Fantastic question. I struggled with this a bit when I took ODE's, too, until I worked through one all the way.

From your post, you understand through step 2, so we'll skip that part. The key to step 3, and where the x went, is in, "I've been told that d[x(10 + t)]/dt is a perfect derivative based on the product rule, but I don't really understand what that means."

Let's work through it. Do you remember the product rule from calculus? When taking the derivative of two things multiplied together, you use the product rule. I always remembered it as first times the derivative of the second, plus the second times the derivative of the first. Let's apply it to your problem to see where the x went.

Just before step 3, we have

d[x(10 +t))]/dx + x = 10 + t

On the left side, you want your integrating factor multiplied by x, or whatever variable your equation is not with respect to (in this case the equation is with respect to t.).

That would mean, pre-integration, we have (x(10+t))'
Post integration, we have x(10 +t), which is what you have in step 3.

Why can we do this?

Let's take the derivative of x(10 + t) using the product rule, with respect to t. First times the derivative of the second, plus the second times the derivative of the first, where x is the first, and 10+t is the second.

x * d(10+t)/dt    +    (10 + t) * d(x)/dt

Simplifying

x * 1 + (10 + t) dx / dt

d[x(10 + t)] /dt + x

This proves that when you integrate the left side of your equation, you'll come up with what's written after step 3 ---> integral of d[x(10+t)]/dt + x = x(10 + t)

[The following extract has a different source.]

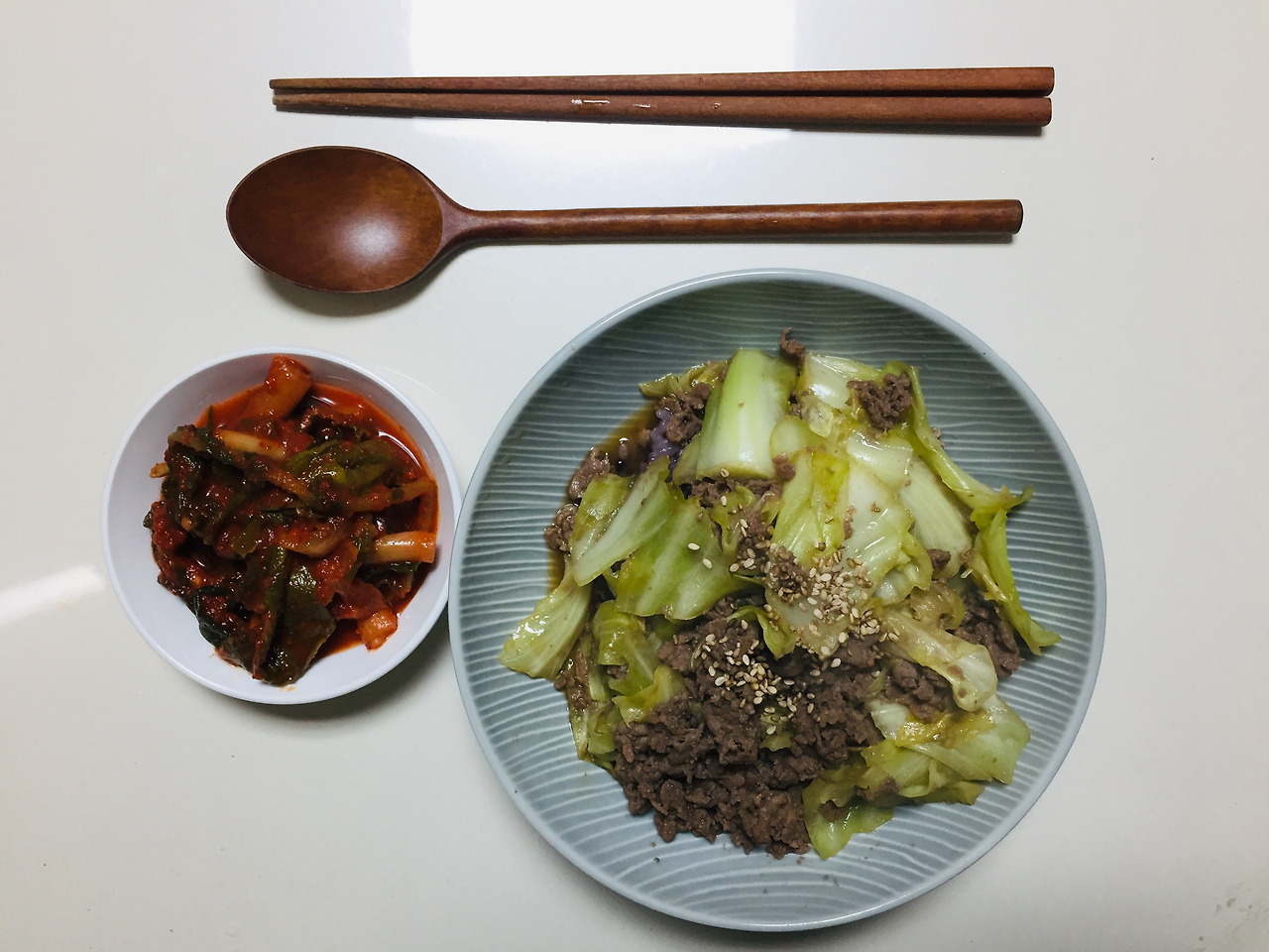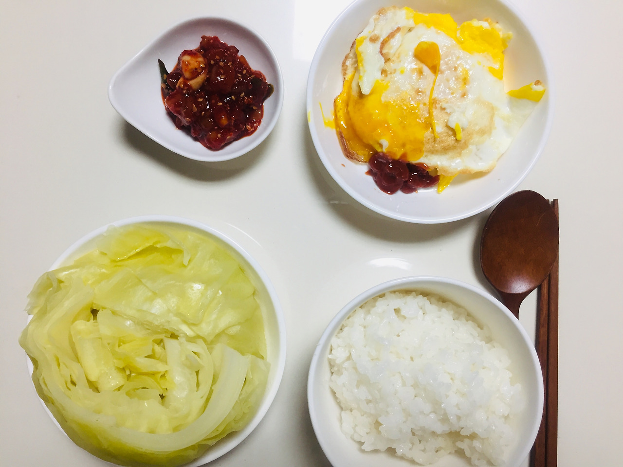 이날 집에 재료가 별로 없었어요. 하지만 대체적으로 냉장고에 있는 양배추를 삶아 계란후라이, 오징어젓갈과 함께 먹었습니다. 지금은 쌀을 바꿨지만 이때는 조선향미를 먹었는데 향이 정말 좋은 쌀입니다. 밥할 때 특히 향기가 어마무시해요.

Soon you'll become comfortable enough with IF's that when they come along, you'll just write the left side as (x * IF)'
When it's time to integrate, just drop the prime, then solve for x. Easy as that. The product rules just PROVES you can do that as a shortcut.

It's a good thing to know WHY you can take the shortcuts. I had numerous math professors who had ways of figuring out who knew WHY on the test, and who was just applying rules.

Thank you; that's a very useful explanation.  So basically, the left side of the equation in step two is the derivative of x(10+t) (in other words, we are working the equation backwards compared to how we are initially taught to deal with these things).  Is it accurate to say that the result in step two is the result of two partial derivatives?  One with respect to x, and the other with respect to t.  I am also taking Calc 3 this year and just learned about partial derivatives so that might explain some of my confusion.  

I was treating x as some constant because dx/dt was with respect to t.  I was scratching my head why integrating d[x(10+t)/dt + x didn't equal x(10+t) + xt since I thought everything was with respect to t.

Now that you've seen how the integrals work (both forward and backward ), is the IF method a bit clearer?

That last bit cleared it right up.  Thanks for that.  For some reason that x was really throwing me off but you've explained the process much more clearly than either my professor or TA was able to.  If you don't mind me asking, what's your degree in?

Glad it's a little clearer now

I have a mechanical engineering degree.